Kgone, just where did you get that picture with the border lines on it? Looks like an image from Modis, but don't know for sure.


----------



## obx (Jan 29, 2011)

Is the water clearing up any? Reefs? Islands?

Going HAWG hunting later this week. Hoping this calmer weather clears up the water a little. But know the rivers are pumping out mud too.

Cant get a satelite image, soo.... some local info would be nice.


----------



## jshbuckeye (Feb 27, 2005)

Im 3 hours away but im thinking with the calmer winds that the water should be clearing up around starve, mouse and the reefs any conformation would be great.


----------



## Jim Barger Sr (Sep 6, 2004)

Just got back from a week at the islands.
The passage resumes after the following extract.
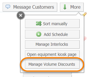 Once Volume Discounts has been turned on by iLab, you can access it through the Schedule Equipment tab by clicking on the "More" button in the top-right corner, then selecting "Manage Volume Discounts."

Still dirty water, but lots of marks but won't go on anything. Water is starting to clear. Water ranges from 47 to 51 degrees. Most boats were happy to get 1 in a day. Some cleaner water north east of North bass but very few marks. We only managed 25 fish total for 2 boats and 5 guys 5 days. Couldn't get out on Tuesday. last year same week same 2 boats same 5 guys plus a 6th on a couple of days 180 fish. Just a very messy spring on the lake. I'd give it a week or so and see if the clearing and warming continues. It has to... doesn't it? BTW smallest fish was 25" had 5 Fish Ohio and 1 30"


----------